▶ _ASSIGNED TASK_: Without any pictures, the records below should be reproduced exactly.

Extracted data entries:
Segment Open
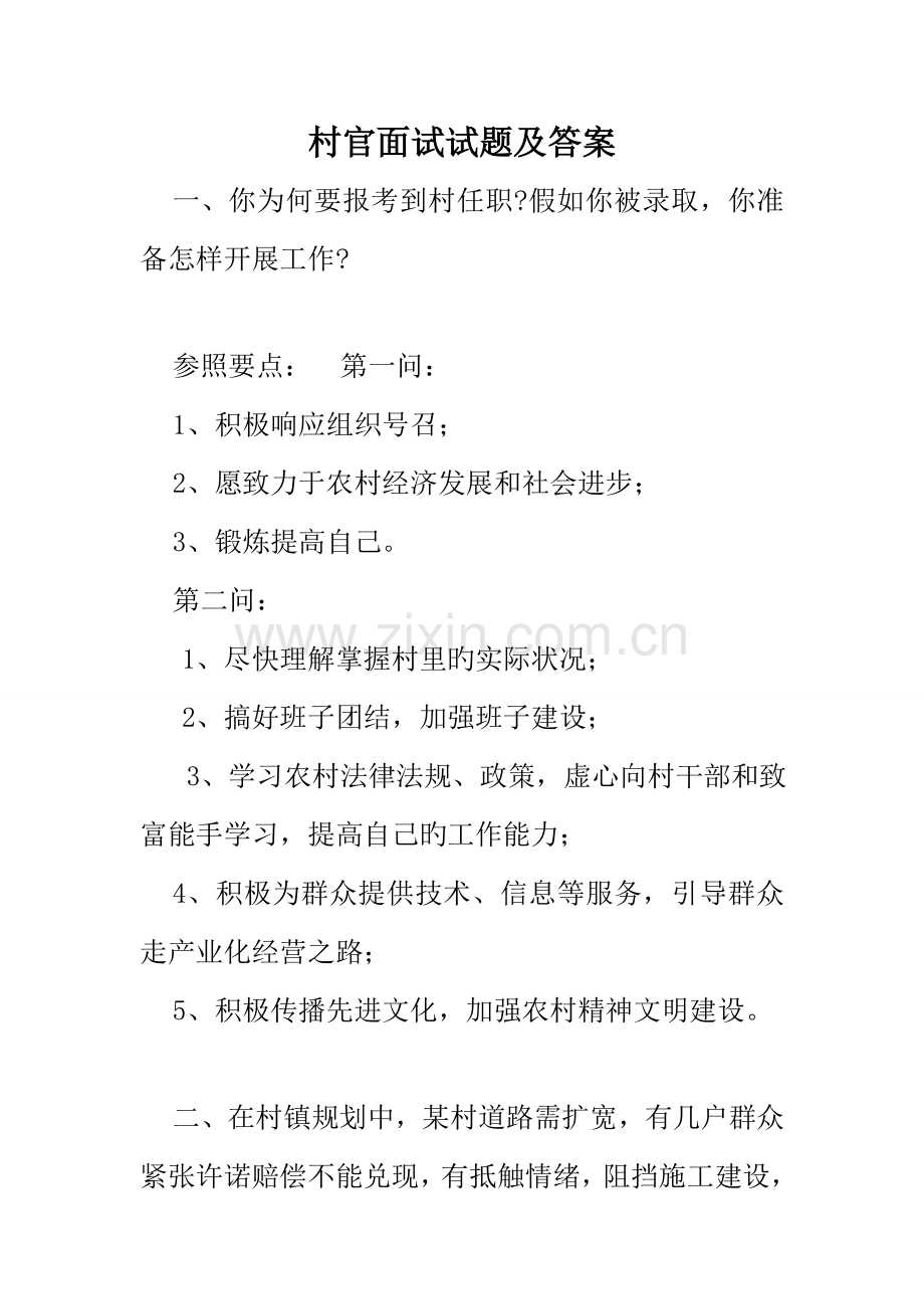 一、 你为何要报考到村任职?假如你被录取,你准备怎样开展工作?
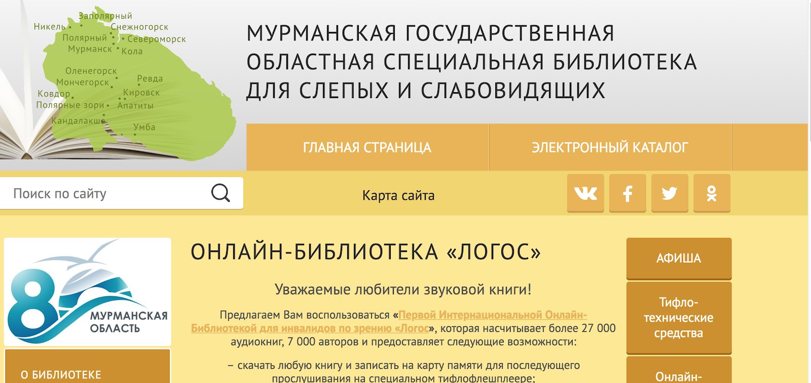 Тифлокомментарий: раздел «Онлайн-библиотека «Логос» на сайте Мурманской государственной областной специальной библиотеки слепых. Сверху на белом фоне фотография раскрытой книги, полупрозрачный зеленый силуэт карты Мурманской области с отмеченными городами и полное название библиотеки. Чуть ниже — разделы страницы разных оттенков бежевого цвета. На горизонтальном меню расположены кнопки «Главная страница», «Электронный каталог», строка поиска по сайту, карта сайта и значки соцсетей. В рабочем поле — информация об онлайн-библиотеке «Логос».
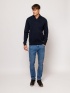 Men's fine knitted sweater in trendy colours, classic cut, with a stylish scarf collar, made of pure cotton fabric, rib knit cuffs and bottom, with a small leather branding at the ... More info
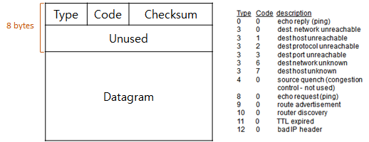 - ICMP 프로토콜 헤더는 type, code, checksum로 이루어져 IP 데이터그램의 첫 8 바이트를 차지
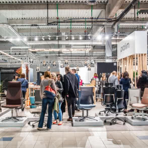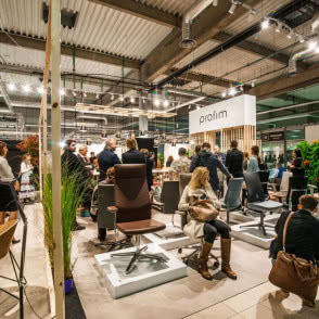 Odwiedzający stoisko mieli także możliwość zapoznać się z jeszcze jednym wyjątkowym produktem – pufką Mickey, również autorstwa ITO Design, która od niedawna jest dostępna w ofercie Profim. Tym, co wyróżnia Mickey spośród innych mebli tego typu, jest łatwość dostosowania do pozycji użytkownika – jednym gestem z niewysokiej pufy zamienia się w wyjątkowo wygodne podczas pracy na stojąco podparcie. Możliwość odchylania na boki i szeroki zakres regulacji wysokości pozwalają na dynamiczne i swobodne korzystanie z produktu, a nieszablonowy design wpływa na bardziej swobodną atmosferę w biurze.
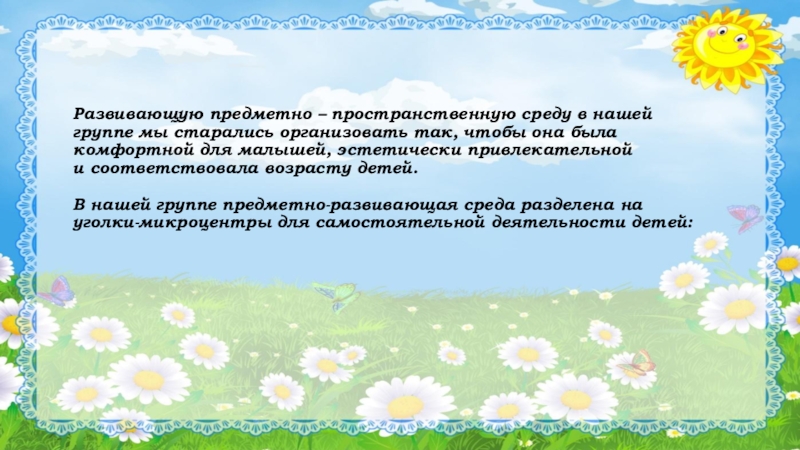 Слайд 6Развивающую предметно – пространственную среду в нашей группе мы старались организовать
Segment Closed
▶ _EXPECTED OUTPUT_:
 一、 你为何要报考到村任职?假如你被录取,你准备怎样开展工作?
 Тифлокомментарий: раздел «Онлайн-библиотека «Логос» на сайте Мурманской государственной областной специальной библиотеки слепых. Сверху на белом фоне фотография раскрытой книги, полупрозрачный зеленый силуэт карты Мурманской области с отмеченными городами и полное название библиотеки. Чуть ниже — разделы страницы разных оттенков бежевого цвета. На горизонтальном меню расположены кнопки «Главная страница», «Электронный каталог», строка поиска по сайту, карта сайта и значки соцсетей. В рабочем поле — информация об онлайн-библиотеке «Логос».
 Men's fine knitted sweater in trendy colours, classic cut, with a stylish scarf collar, made of pure cotton fabric, rib knit cuffs and bottom, with a small leather branding at the ... More info
 - ICMP 프로토콜 헤더는 type, code, checksum로 이루어져 IP 데이터그램의 첫 8 바이트를 차지
 Odwiedzający stoisko mieli także możliwość zapoznać się z jeszcze jednym wyjątkowym produktem – pufką Mickey, również autorstwa ITO Design, która od niedawna jest dostępna w ofercie Profim. Tym, co wyróżnia Mickey spośród innych mebli tego typu, jest łatwość dostosowania do pozycji użytkownika – jednym gestem z niewysokiej pufy zamienia się w wyjątkowo wygodne podczas pracy na stojąco podparcie. Możliwość odchylania na boki i szeroki zakres regulacji wysokości pozwalają na dynamiczne i swobodne korzystanie z produktu, a nieszablonowy design wpływa na bardziej swobodną atmosferę w biurze.
 Слайд 6Развивающую предметно – пространственную среду в нашей группе мы старались организовать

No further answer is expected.